DOI: 10.1007/s101070100290

- Cite this article as:
- Powell, M. Math. Program. (2002) 92: 555. doi:10.1007/s101070100290

## Abstract.

UOBYQA is a new algorithm for general unconstrained optimization calculations, that takes account of the curvature of the objective function, *F* say, by forming quadratic models by interpolation. Therefore, because no first derivatives are required, each model is defined by ½(*n*+1)(*n*+2) values of *F*, where *n* is the number of variables, and the interpolation points must have the property that no nonzero quadratic polynomial vanishes at all of them. A typical iteration of the algorithm generates a new vector of variables, \(\widetilde{\underline{x}}\)_{t} say, either by minimizing the quadratic model subject to a trust region bound, or by a procedure that should improve the accuracy of the model. Then usually *F*(\(\widetilde{\underline{x}}\)_{t}) is obtained, and one of the interpolation points is replaced by \(\widetilde{\underline{x}}\)_{t}. Therefore the paper addresses the initial positions of the interpolation points, the adjustment of trust region radii, the calculation of \(\widetilde{\underline{x}}\)_{t} in the two cases that have been mentioned, and the selection of the point to be replaced.

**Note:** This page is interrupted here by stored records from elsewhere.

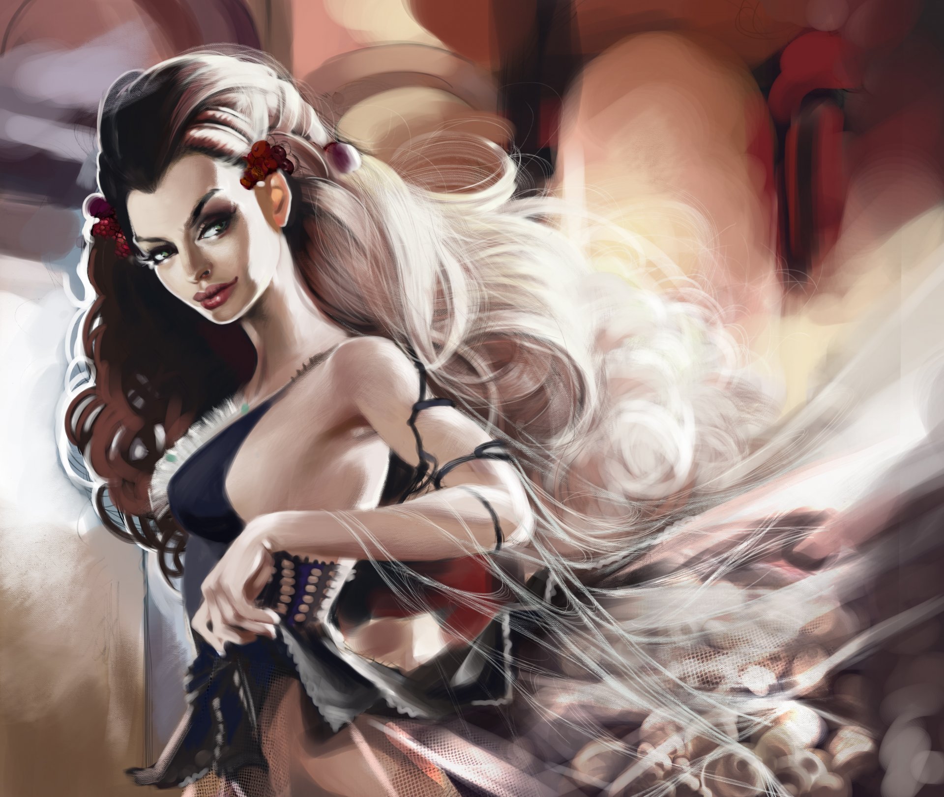 La chica con el pelo morado en el fondo del inviernoLa chica con el pelo morado en el fondo del invierno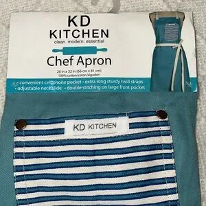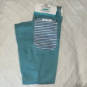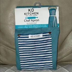 NWT KD KITCHEN Stylish chef apron in blue with a striped white pocket. Features adjustable neck and long straps. 26x32”. 100% cotton. Smoke & pet free home.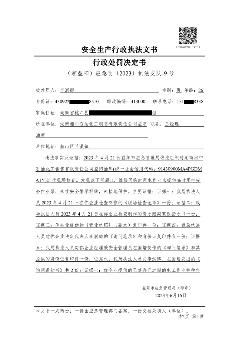 (湘益阳)应急罚〔2023〕执法支队-9 号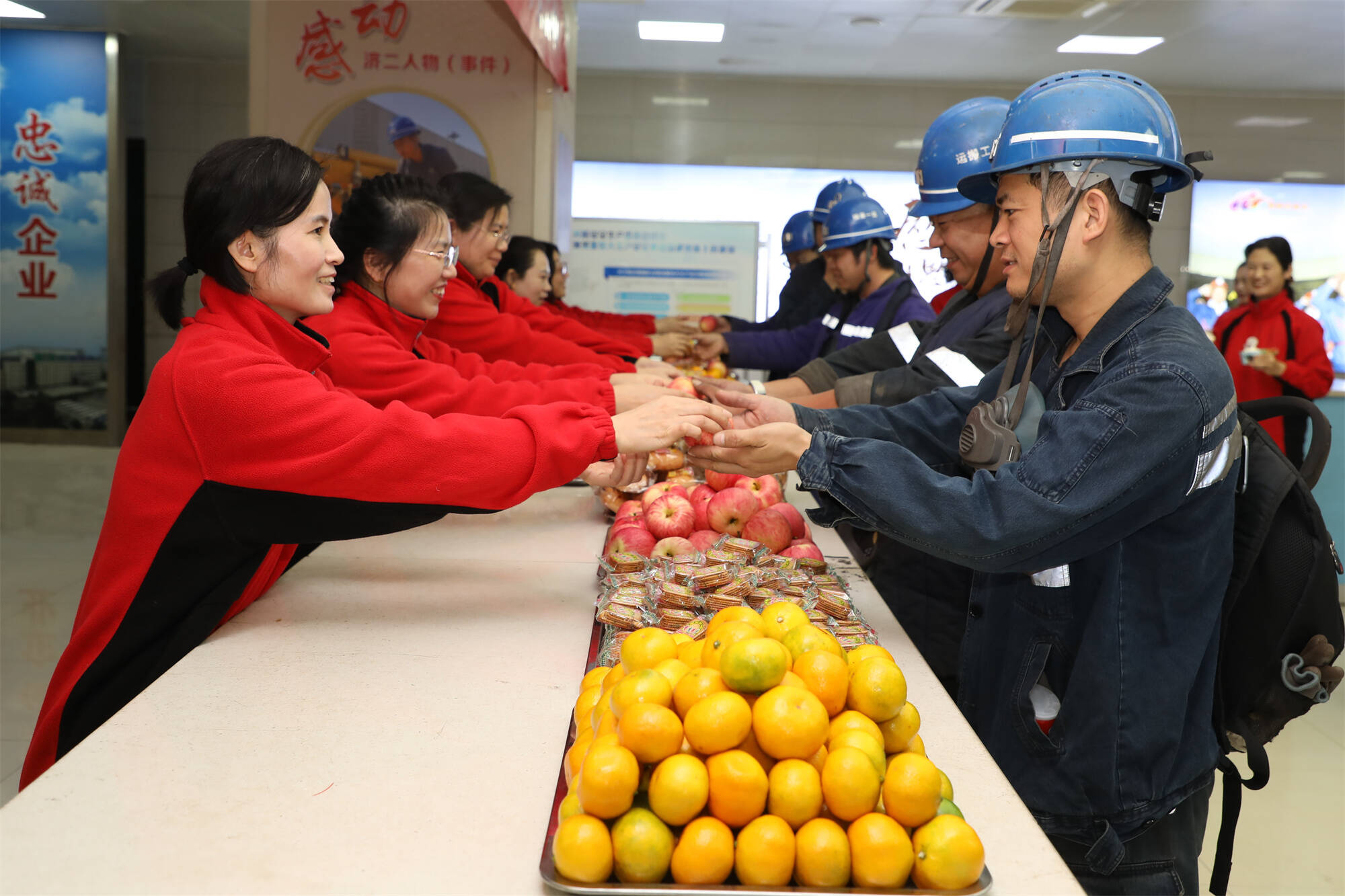 活动现场暖意融融,女工协管员们备好了“暖心亲情餐”,忙前忙后为上下井的职工递上精心准备的矿庆生日蛋糕、寓意“平安吉祥”的苹果、橘子及各类暖心零食。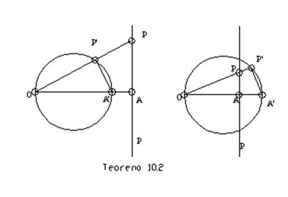 Teorema 10.2: Ako sadrži središte inverzije, prava se inverzijom preslikava na sebe, a ako ne sadrži središte inverzije, preslikava se na krug kome nedostaje središte inverzije.

Further, UOBYQA works with the Lagrange functions of the interpolation equations explicitly, so their coefficients are updated when an interpolation point is moved. The Lagrange functions assist the procedure that improves the model, and also they provide an estimate of the error of the quadratic approximation to *F*, which allows the algorithm to achieve a fast rate of convergence. These features are discussed and a summary of the algorithm is given. Finally, a Fortran implementation of UOBYQA is applied to several choices of *F*, in order to investigate accuracy, robustness in the presence of rounding errors, the effects of first derivative discontinuities, and the amount of work. The numerical results are very promising for *n*≤20, but larger values are problematical, because the routine work of an iteration is of fourth order in the number of variables.